Pystd, similar-ish functionality with a fraction of the compile time

6 days ago (nibblestew.blogspot.com)

Wow, that might be the worst name for a project I’ve ever seen. I think every programmer who sees this is going to assume it’s a Python thing.

With regards the library itself —- I think it’s generally known the c++ standard library is a poorly designed mess in places but if you make an entirely new one you lose all the software already written, at which point why use C++ nowadays?

  • It is a Python thing, in the sense that it is Python-inspired:

    > design-wise copy the Python standard library's APIs whenever possible [1]
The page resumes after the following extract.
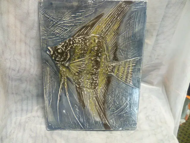 Kahaku Shinko Wandkachel Fisch Modern Art 1960-70

    [1] https://github.com/jpakkane/pystd

  • Agreed, I thought this is a wrapper for STL under Python, what does the py prefix stand for here actually?

    As for the why c++ at all, as long as one falls into the "don't care" category, it works fine.. lately I found myself I rather build my apps in C with NODEFAULTLIB (under Windows at least), and creating my own size-optimized standard library which on Windows wraps the Win32 API wherever possible. The size savings are incredible, my executable is in the ~500KB range, ultra small and ultra fast. This is unattainable with normal modern C++.
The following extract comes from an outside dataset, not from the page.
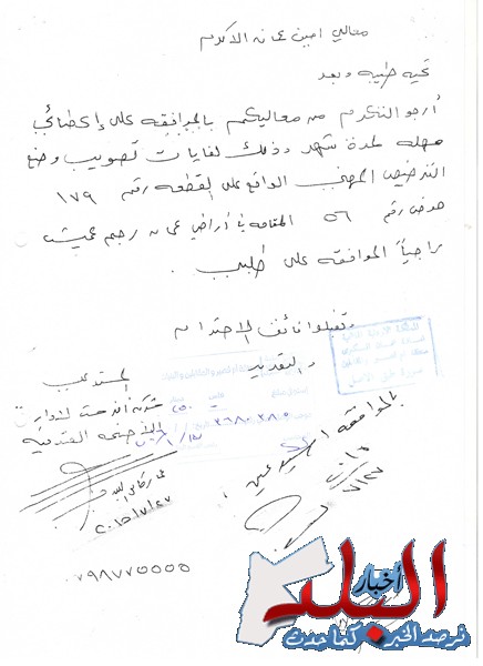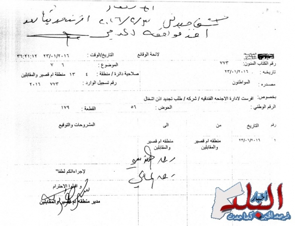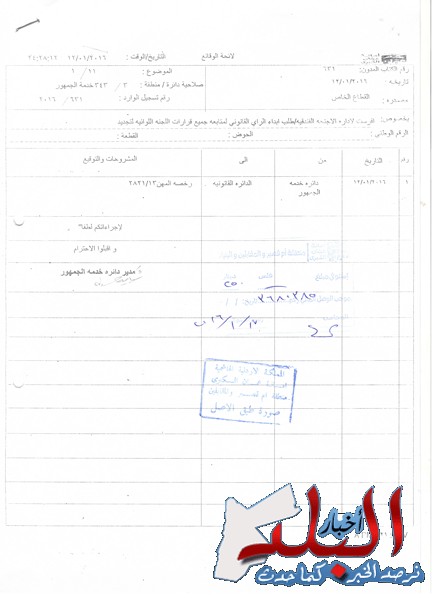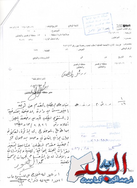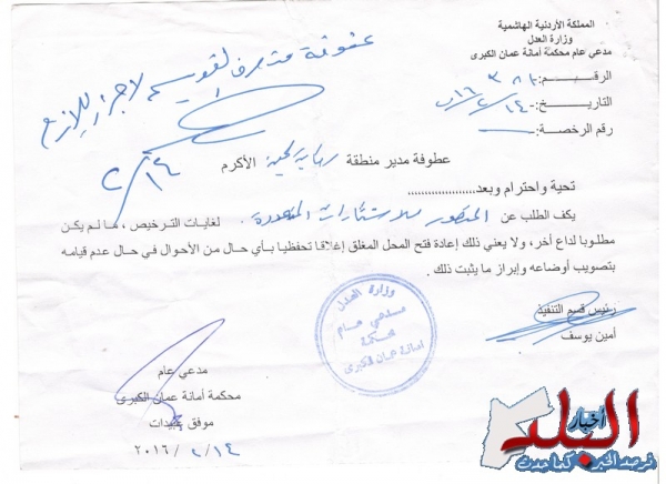 -يوم الاحد 14/2/2016 قمنا بمراجعة مدعي عام محكمة امانة عمان الكبرى الموقره وحصلنا على كف طلب خاص بالمخالفة التي تم على اساسها اغلاق المبنى بالكامل وذلك لغايات الترخيص موجه الى قسم الرقابه الصحية في امانة عمان الكبرى الموقره وبناءً عليه قمنا بمراجعة قسم الرقابة الصحية في امانة عمان لاعادة فتح المبنى وازالة الشمع الاحمر ومباشرة تجديد التراخيص لكن لم نلقى اي تجاوب من طرفهم ، على عكس الاجراءات المتبعة بحق جميع المحلات والمنشآت والمباني في المملكة حيث يتم فتحها مباشرة بعد الحصول على كف الطلب ، من بعدها توجهنا الى متصرف لواء القويسمه وعطوفة محافظ العاصمة لمحاولة اعادة فتح المداخل وازالة الشمع الاحمر من خلالهما، لكن كانت الاجابة بالعودة الى قسم الرقابة الصحية في امانة عمان حيث انهم هم المعنيون بذلك ، وقمنا بمراجعة قسم الرقابة الصحية مرة اخرى ولم نلقى اي استجابة لطلبنا .

    • I instead, use VC++ latest with C++23 import std.

      As for the size requirements, and having Windows experience all the way back to Windows 3.0, you can do exactly the same tricks with C++.

      7 replies →

> C++ is actually very fast to compile, the slowdowns come mostly from the way the standard library is implemented.

Only if using classical headers, std as module is already a reality on VC++.

  • wasn't there a lot of talk that modules are still not really working, in practice I mean?

    • Depends on where you are.

      VC++ and clang latest with MSBuild or CMake/ninja are there, minus some bugs or code completion misbehaving (but bearable).

      GCC 16 is mostly ok now, also with CMake/ninja.

      All my hobby coding in C++ makes use of modules, at work it is a different matter, where libraries to be consumed by Java/.NET/nodejs, are still using C++17 as baseline.

      You can easily check, https://github.com/pjmlp/RaytracingWeekend-CPP

      Note the CMake version was tested initially with clang 17, and we're already on clang 22, so some of those comments are irrelevant nowadays, I haven't bothered to update the project.

      Naturally if you cannot be on latest compiler releases, or suffer from CMake phobia, the support isn't there.

      2 replies →

Given what is discussed in the commentary to the post, I wonder whether the author would be amenable to some Doxygen.

Would be helpful to show how this compares to other C++ std replacements, e.g. Abseil and Folly.

Dumb. This is what modules are for. Also, the stdlib is extremely well designed. It considers edge cases most people never think about. Source: I am a Boost Developer.